Slow rusting wheat cultivar, as an alternative management option, is the simple solution for rust disease management and thus, replacing susceptible cultivars with slow rusting is important in resistance diversity. For such rapid evolution and spread of new virulent races of yellow rust and frequent failure of new varieties with major gene resistance in bread wheat improvement programs require to identify durable sources of resistance [4].

Therefore, achievement of slow rust resistance against wheat yellow rust requires constant characterization and identification for deployment of new resistant genotypes that resist the prevailing virulent races. Hence, this study was designed to screen advanced bread wheat genotypes with slow yellow rusting character under field conditions in Southeastern Ethiopia and identify the association of slow rusting characters with grain yield [5].

Methods and Materials

Description of experimental sites

The experiment was conducted at Sinana Agricultural Research Centre (SARC) and Agarfa district in 2017 main cropping season. SARC is located at 07°07′N latitude and 40°10′ E longitude at 2400 meter above sea level (m.a.s.l). The area is characterized by bimodal rainfall pattern and received annual total rainfall ranging from 750 nm to 1400 mm. The main season extends from August to December that received 270 mm to 842 mm rainfall, while the short season is from March to June and received 250 mm to 562 mm rainfall annually. Mean annual minimum and maximum temperatures were 9.6°C and 20.7°C, respectively. Agarfa district is located at 07°26′ N latitude and 39°87′ E longitude with an elevation of 2510 m.a.s.l. Its total annual rainfall ranges from 1000 mm to 1451 mm. The mean annual minimum and maximum temperatures were 7.3°C and 22.8°C, respectively [6].

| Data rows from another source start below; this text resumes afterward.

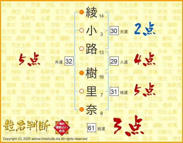 綾(14画)小(3画)路(13画) 樹(16画)里(7画)奈(8画)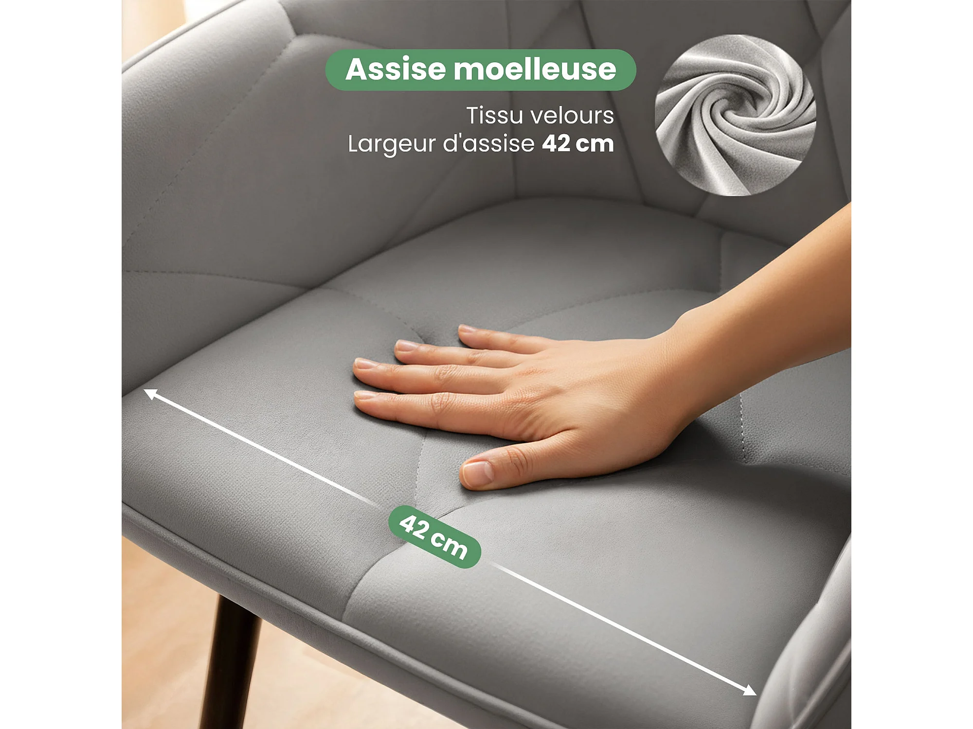 Lot de 2 Chaises en velours matelassées DIAMANTE Gris pieds noirs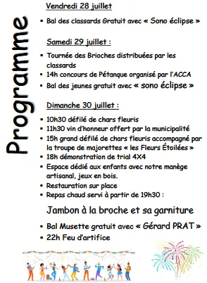 Fête patronale de Marcoux les 28, 29 et 30 juillet 2023 !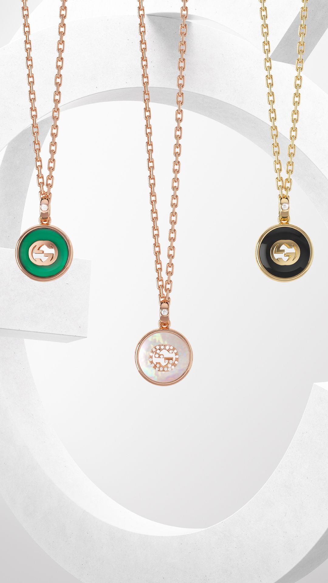 De Gucci “Link to Love” en de “Interlocking” 18-karaat gouden collecties combineren verschillende goudtinten. Beide collecties van Gucci bestaan uit kettingen, armbanden, oorbellen en ringen.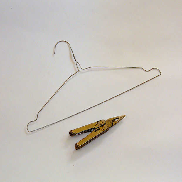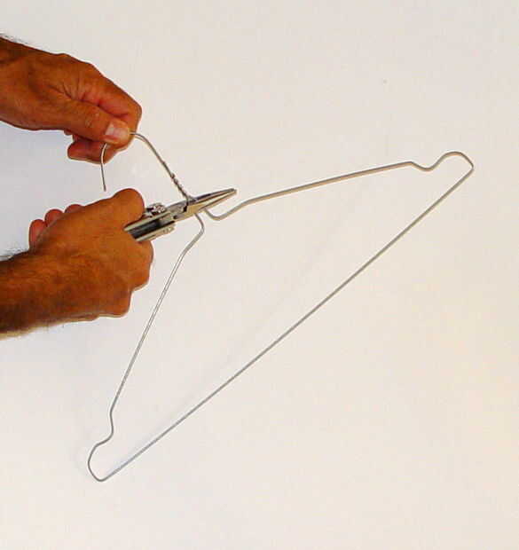 Utilice perchas de alambre común y una multiherramienta. Un cortador de alambre y alicates de pico largo si no tienes una multiherramienta. Si usted tiene ningunas herramientas, puede doblar el alambre hacia adelante y hacia atrás hasta que se rompe y forma de dedo al resto.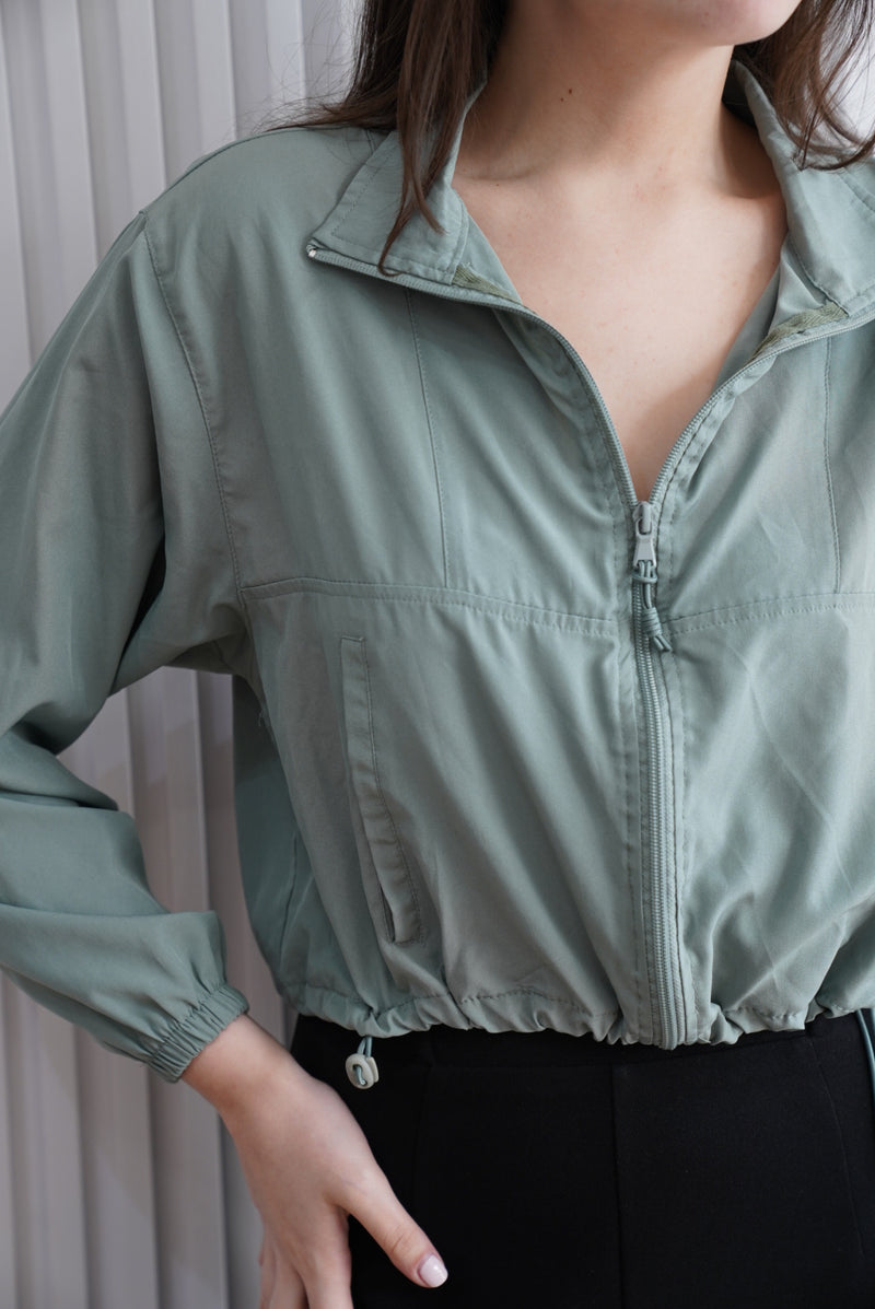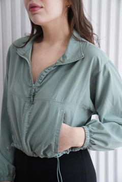 Esta chumpa deportiva cuenta con un cierre de zipper en la parte frontal, un bolsillo en cada lado y un ajuste en la cintura tipo “drawstring”.

Experimental materials and procedures

The experimental materials comprised of thirty bread wheat genotypes including two released varieties viz. Kingbird and Pavon-76 and 28 advanced bread wheat lines. These advanced lines composed of materials introduced from CIMMYT, ICARDA and advanced genotypes developed from local crosses (Table 1). The experiment was laid out in alpha lattice design with three replications having a plot size of six rows of 0.2 m spacing and 2.5 m length. Four central rows were harvested for grain yield computations.

Mixture of universal susceptible bread wheat varieties including PBW 343, Morocco and Digalu variety, which are extremely susceptible to yellow rust, were planted around the blocks as spreader rows to ensure uniform spread of inoculum and facilitate natural infection. No artificial inoculation took place as the disease pressure was very high in the cropping season. Seed rate of 150 kg ha-1 and fertilizer rates of 41/46 N/ P2O5 were used. Weed was controlled using hand weeding as well as by using herbicide called Pallas 45OD (Pyroxsulam Triazolopyrimidine) at a recommended rate of 0.5 l ha-1 at a stage of 21 days after planting [7].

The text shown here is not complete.